The board of Pittsburgh Public Schools tonight approved a property tax increase of 2 percent that will yield $3 million for the school district but still leaves the district with a budget deficit.
The increase is 0.19 mills, which takes the millage rate from 9.65 mills to 9.84 mills.
One mill generates $1 of tax for each $1,000 of assessed property value.
The vote was 7-2, with board members Bill Isler and Sherry Hazuda voting no.
The district had gone more than a decade without raising the property tax rate until it raised the rate in 2013.
Mr. Isler said, "I just can't support it due to the fact it's two tax increases two years in a row."
He noted the board had declined to sell two closed school buildings and rescinded a vote to consider closing Pittsburgh Woolslair K-5 on the Lawrenceville-Bloomfield border, all moves that he thinks would have generated or saved money.
Board members Mark Brentley Sr., Regina Holley and Terry Kennedy spoke in favor of the increase.
Ms. Holley said that poor communities have been hurt by school closings.
"We cannot balance the budget off the backs of the poor people, the poor children and the poor communities in this school district," Ms. Holley said,
In December, the board approved a $529.1 million budget for calendar 2014, but received court permission to delay voting on the tax rate until this month because of the uncertainty caused by property tax assessment appeals.

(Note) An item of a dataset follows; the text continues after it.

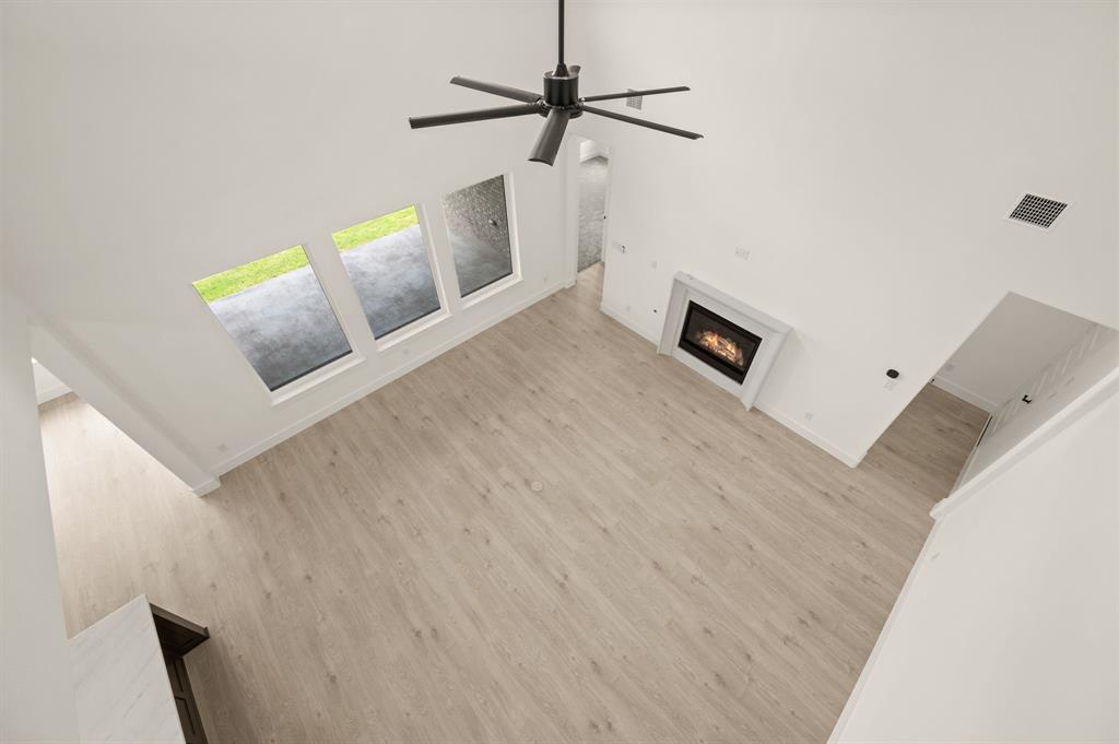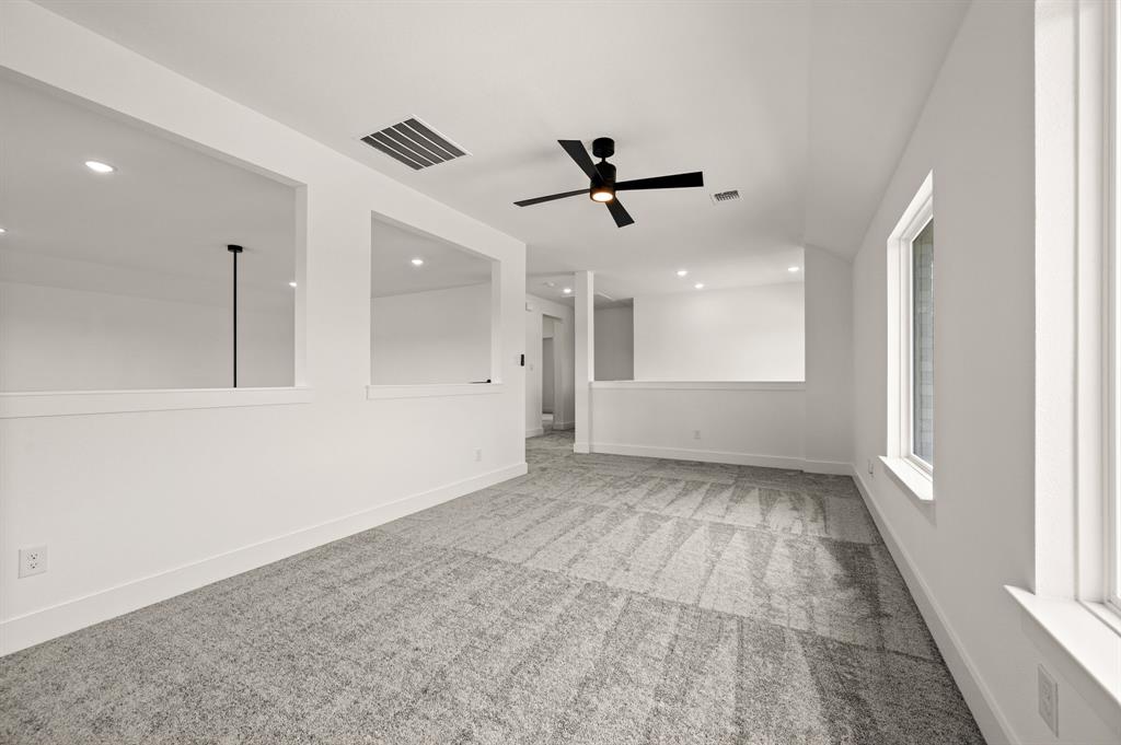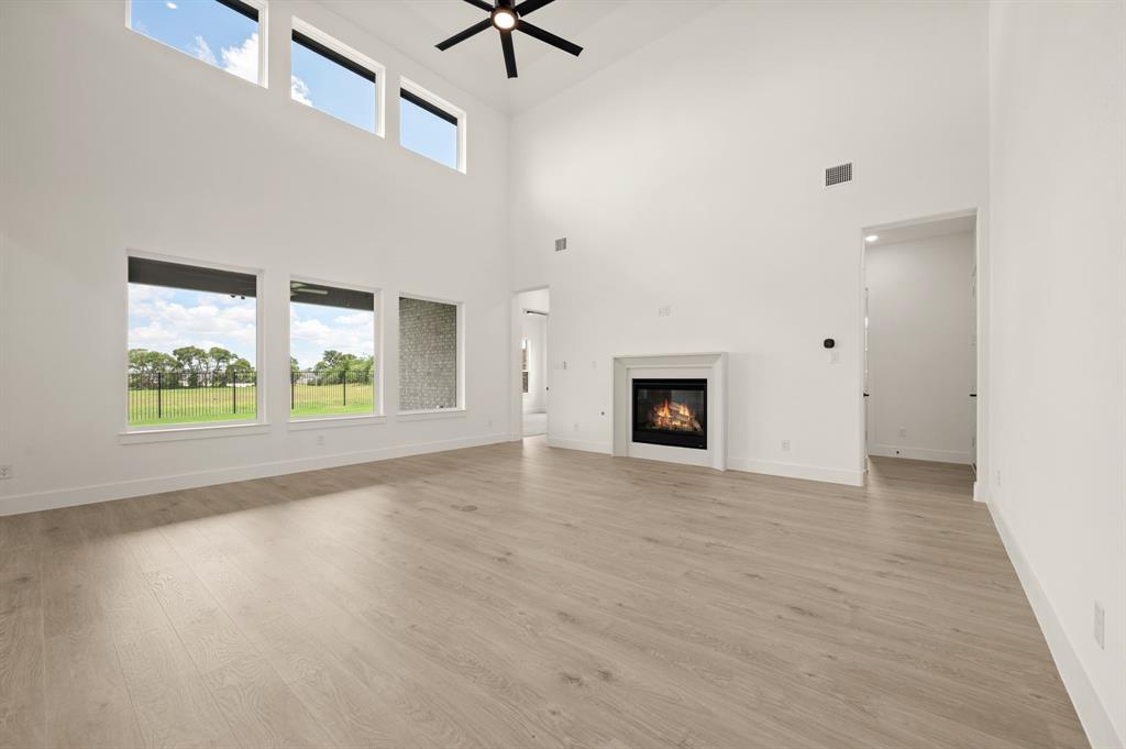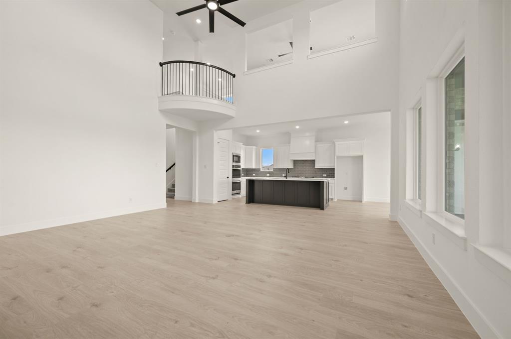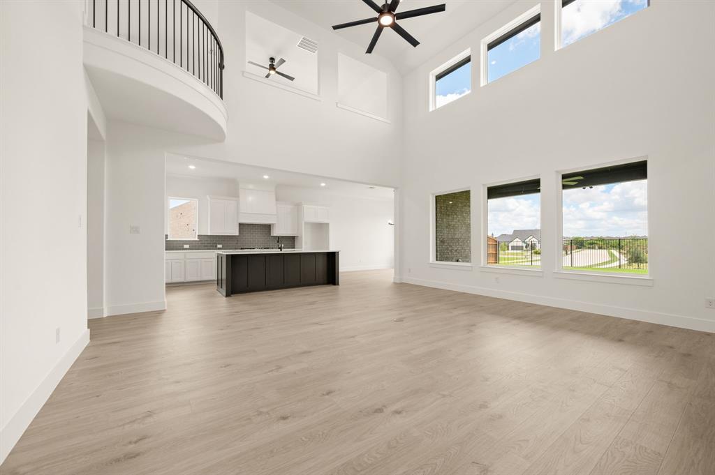 Stunning Living Spaces: A two-story family room creates an open and airy atmosphere, complemented by a Juliet balcony from the upstairs game room.

The approved budget had a deficit of $17.4 million this year, without including the tax rate increase. In addition, district officials continue to work on ways to trim expenses.
The countywide property tax reassessment took effect in calendar 2013 while both commercial and residential taxpayers continued to appeal their new property values.
As a result of the appeals, the district ended 2013 with about $10.3 million less than it expected from property tax revenues. The appeals are not done yet.
The amount a school district can increase property taxes is limited by a state law known as Act 1. The increase approved tonight was the most allowed without a referendum.
After more than a decade of steady property taxes, the board for 2013 approved a tax increase of 0.16 mills, also the most allowed without a referendum. The earlier increase enabled the district to set up a $3 million escrow fund for appeals, but that has been exhausted.
The board also approved a homestead exemption tonight. The homestead exemption for 2014 is $29,131. For residents who apply, this amount can be deducted from the value of their primary home for tax purposes.
The amount of exclusion is based on the nearly $15.6 million the district will get from the state in gaming revenues.
The city announced today that tax bills for the city and the school district will be sent out Feb. 14.